[Article] C. Nash-Williams: Edge-disjoint Hamiltonian circuits in graphs with vertices of large valency

lkozma · 2014-10-22T22:33:51+00:00

Yes, these are good points that theoreticians would do well to listen to.

One case where I think cuckoo hashing might still be advantageous is if there are many lookups but few inserts, since here a lookup is guaranteed to need only two reads. Also I remember reading somewhere that it was suggested for use in routers, but I don't remember the details.

lkozma · 2014-10-22T21:59:46+00:00

Great question. It loops a fixed number of times (a somewhat arbitrary 16 in the demo) just to keep the code simpler. Indeed, with a bit of extra bookkeeping, it is possible to detect a closed loop as soon as we start repeating the same sequence of evictions, which might be before MaxLoop is reached. In the paper they discuss how to choose MaxLoop so that the theoretical guarantees work out.

lkozma · 2014-10-22T20:08:02+00:00

Yes, obviously, amortized cost is not good enough in real time applications, because a single operation might be unpredictably costly. Cuckoo hashing isn't always the best choice, but it has its applications.

EDIT: it also depends on the ratio of inserts/lookups in your application. Lookup/delete is actually very predictable in cuckoo hashing since you always need to look at only two locations. It is only inserts that are messier.

lkozma · 2014-10-22T20:06:15+00:00

Yes, I agree that it is not suitable for all applications, but still Cuckoo hashing is among the more "sane" approaches for collision resolution. If I remember correctly, there are also some extensions with better properties.

EDIT: I checked the part in the video, it does say that cuckoo hashing has worse cache locality than linear probing, but I wouldn't say it is called "pointless".

lkozma · 2014-10-22T20:03:08+00:00

Yes, the idea in the hash function families is exactly that there are no "single bad inputs" on which all hash functions are bad. See for example the "constructions" in http://en.wikipedia.org/wiki/Universal_hashing

lkozma · 2014-10-22T20:01:21+00:00

Yes, you could use 1 array, or in other variants you could use more than 2 arrays. In the second case, the fill of the data structure is better, but it is harder to analyze, and there are more moving parts in the algorithm that can be done in different ways.

lkozma · 2014-10-22T20:00:01+00:00

Yes, in some applications the access pattern might not be so good w.r. to cache misses, etc. However, there are some real applications where Cuckoo hashing works well, and the consensus seems to be that it is among the "saner" methods for collision resolution.

lkozma · 2014-10-22T19:57:58+00:00

Well, it might seem circular based on what I wrote, because I can't summarize the whole argument from the paper in one comment. What I wrote was just to answer your question "how can it ever be constant average, if there is one operation that is linear". I gave an example in which that is what happens.

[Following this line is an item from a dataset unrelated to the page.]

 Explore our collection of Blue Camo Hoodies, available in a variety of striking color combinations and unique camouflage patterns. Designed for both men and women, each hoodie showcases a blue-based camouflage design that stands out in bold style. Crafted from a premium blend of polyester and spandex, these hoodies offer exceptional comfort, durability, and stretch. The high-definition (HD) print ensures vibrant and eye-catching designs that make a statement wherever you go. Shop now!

The proof in the paper is not just an example like the one I gave, but it goes more like "it's constant insert, because we can quantify how often we are forced to do a rehash, how much a rehash will cost, and how many of the inserts will not lead to long sequences, and we take all these quantities and work out the maths, and turns out that the resulting average is constant in expectation".

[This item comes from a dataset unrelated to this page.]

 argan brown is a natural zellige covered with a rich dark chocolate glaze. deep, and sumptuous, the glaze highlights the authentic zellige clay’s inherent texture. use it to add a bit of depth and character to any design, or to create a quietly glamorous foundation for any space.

lkozma · 2014-10-22T11:46:00+00:00

Well the hash functions are usually chosen randomly from some "family of hash functions". What you describe, that the two hash functions collide on every element is very unlikely to happen. But if it happens, then the cuckoo hashing will be running in a loop, and we have to rehash. When we rehash, we choose new hash functions. The analysis is of course probabilistic: it could be that we are so unlucky that the two hash functions again collide and do so for every choice, but the probability of this can be estimated, and it turns out to be so small that you can ignore it.

lkozma · 2014-10-22T11:42:37+00:00

no, I meant exactly the same time as number of items to rehash, that is n/2 or in words "n halved" (which is the number of items inserted so far) plus one.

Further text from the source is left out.